Member of the South Carolina House of Representatives from the 62nd district
- In office January 1993 – 2005
- Preceded by: Maggie Wallace Glover
- Succeeded by: Robert Q. Williams

Personal details
- Born: May 23, 1933 Florence, South Carolina, U.S.
- Died: September 1, 2013 (aged 80)
- Party: Democratic
- Spouse: Neverseen Sandra Kennedy (1960)
- Children: 2
- Education: South Carolina State University (BSA) (M.ED)

= Jesse E. Hines =

American politician (1933–2013)

Jesse Edison Hines (May 23, 1933 – September 1, 2013) was an American politician, veteran and educator.

==Early life and education ==
Jesse Edison Hines was born in Florence, South Carolina, on May 23, 1933. He graduated from South Carolina State University in 1955 and served in Korea in the US Army before receiving an honorary discharge.
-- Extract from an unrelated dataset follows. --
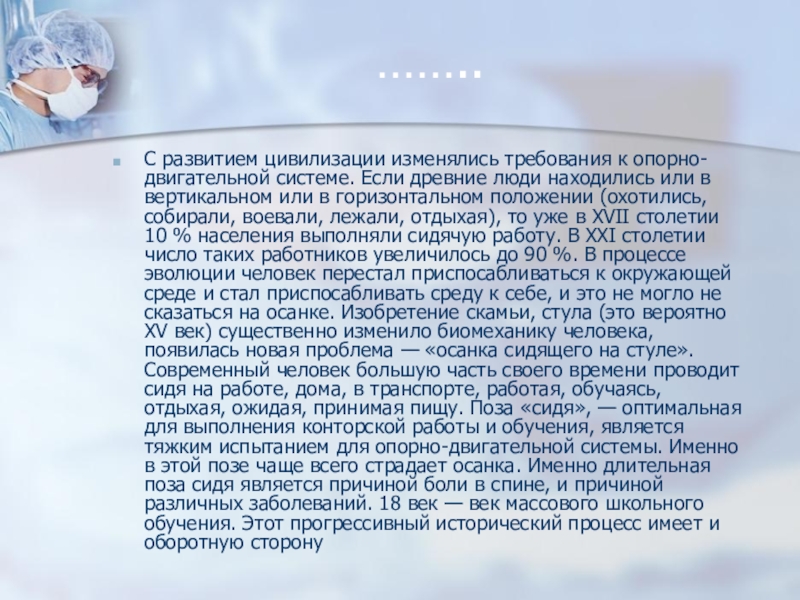 находились или в вертикальном или в горизонтальном положении (охотились, собирали, воевали, лежали, отдыхая), то уже в XVII столетии 10 % населения выполняли сидячую работу. В XXI столетии число таких работников увеличилось до 90 %. В процессе эволюции человек перестал приспосабливаться к окружающей среде и стал приспосабливать среду к себе, и это не могло не сказаться на осанке. Изобретение скамьи, стула (это вероятно XV век) существенно изменило биомеханику человека, появилась новая проблема — «осанка сидящего на стуле». Современный человек большую часть своего времени проводит сидя на работе, дома, в транспорте, работая, обучаясь, отдыхая, ожидая, принимая пищу. Поза «сидя», — оптимальная для выполнения конторской работы и обучения, является тяжким испытанием для опорно-двигательной системы. Именно в этой позе чаще всего страдает осанка. Именно длительная поза сидя является причиной боли в спине, и причиной различных заболеваний. 18 век — век массового школьного обучения. Этот прогрессивный исторический процесс имеет и оборотную сторону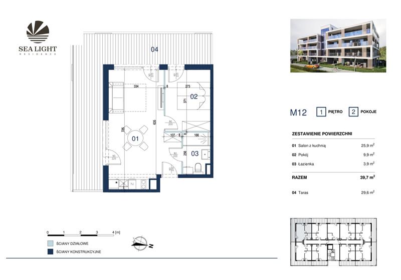 Prezentujemy dwupokojowy apartament o powierzchni 39,70 mkw z tarasem i ogródkiem położony na parterze.

Hines returned to South Carolina State, earning a master's degree in education in 1967.

== Political career ==
Hines served on the Lamar Town Council before winning a seat to represent the 62nd district in the South Carolina House in 1993. He served on the House Education and Public Works Committee and served as 2nd Vice Chairman of House Agriculture, Natural Resources and Environmental Affairs Committee.

Hines received the Order of the Palmetto from Governor Mark Sanford in 2006.

== Death ==
Hines died on September 1, 2013, at the age of 80.